Winooka was a bay Australian thoroughbred stallion who raced for 5 seasons from a two-year-old to a six-year-old including America recording major wins from 6 furlongs to 1 mile and winning jockeys being Stan Davidson from Newcastle and Sydney Australian Racing Hall of Fame inductees Jim Pike and Edgar Britt.

Breeding

Winooka was bred by Percy Miller Kia Ora Stud Scone in the Hunter Region. Sire Windbag (AUS) winner of 1925 VRC Melbourne Cup with major winners including the champion miler Chatham 1932 & 1934 MVRC W S Cox Plate, 1932 & 1933 Epsom Handicap and Liberal 1932 VATC Caulfield Guineas, 1932 VRC Derby and VATC Underwood Stakes.

Dam Kanooka (AUS) won the 1925 AJC Gimcrack Stakes at Randwick Racecourse.

Racing career

Winooka was purchased at the 1930 Sydney yearling sales for 290 guineas by H.C. Taylor from Scone and originally trained in Brisbane by Tim Brosnan of Lough Neagh fame. After 2 starts was sold to new owners W.A. McDonald and A.J. Mathews for 1,000 guineas who were well known Sydney bookmakers.
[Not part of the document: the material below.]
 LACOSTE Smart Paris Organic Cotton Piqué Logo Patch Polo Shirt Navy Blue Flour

Winooka raced between 1930 and 1935 winner of 3 Group 1 races in the modern era the 1933 VATC Futurity Stakes, Caulfield 7 furlong record, 1933 AJC Doncaster Handicap carrying 63 kg in Australasian record time, 1933 AJC All Aged Plate by 5 lengths and second 1935 VATC Oakleigh Plate carrying 66 kg.
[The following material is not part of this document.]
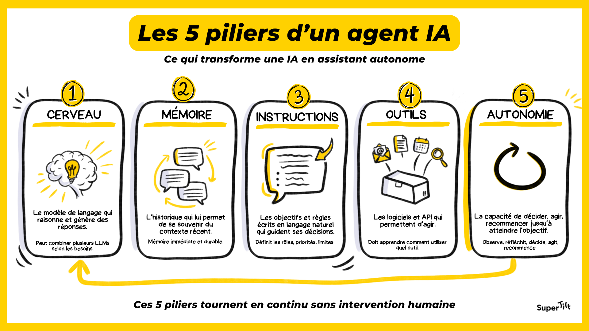 5. De l’autonomie : il prend des décisions et agit sans attendre qu’on le relance. Il est dans une logique de boucle d’actions (observer / agir / vérifier / ajuster.) C’est ce qui différencie un agent d’un simple outil.

Winooka as a five year old was shipped to the United States with trainer Mick Polson and jockey Edgar Britt to compete in nine highly publicised races winning two 'Match Races' at Tanforan Racetrack, San Francisco and Longacres Racetrack Seattle and two other races at Pimlico Racecourse, being the 1933 Baltimore and Autumn Handicaps under management of colourful Australian sporting entrepreneur and horse racing identity Rufe Naylor.

With Jim Pike up, Winooka's final race was the 1935 Doncaster Handicap. During the race he was galloped on and both his hind tendons were cut. He subsequently recovered and was retired to stud in New South Wales.

Trainer Mick Polson 1886-1957 was originally from Melbourne his stables were located at Kogarah near Moorefield Racecourse, Sydney and later at High Street Randwick also trained wonder miler Fuji San winner of 17 races including the 1925 AJC Doncaster Handicap, 1926 Tatts Tramway Handicap carrying 63 kg and 1927 AJC All Aged Stakes also second to Amounis 1926 AJC Epsom Handicap carrying 61 kg. Mick Polson was mentor to the champion jockeys Edgar Britt and the dynamic Billy Lappin who was tragically killed in 1940.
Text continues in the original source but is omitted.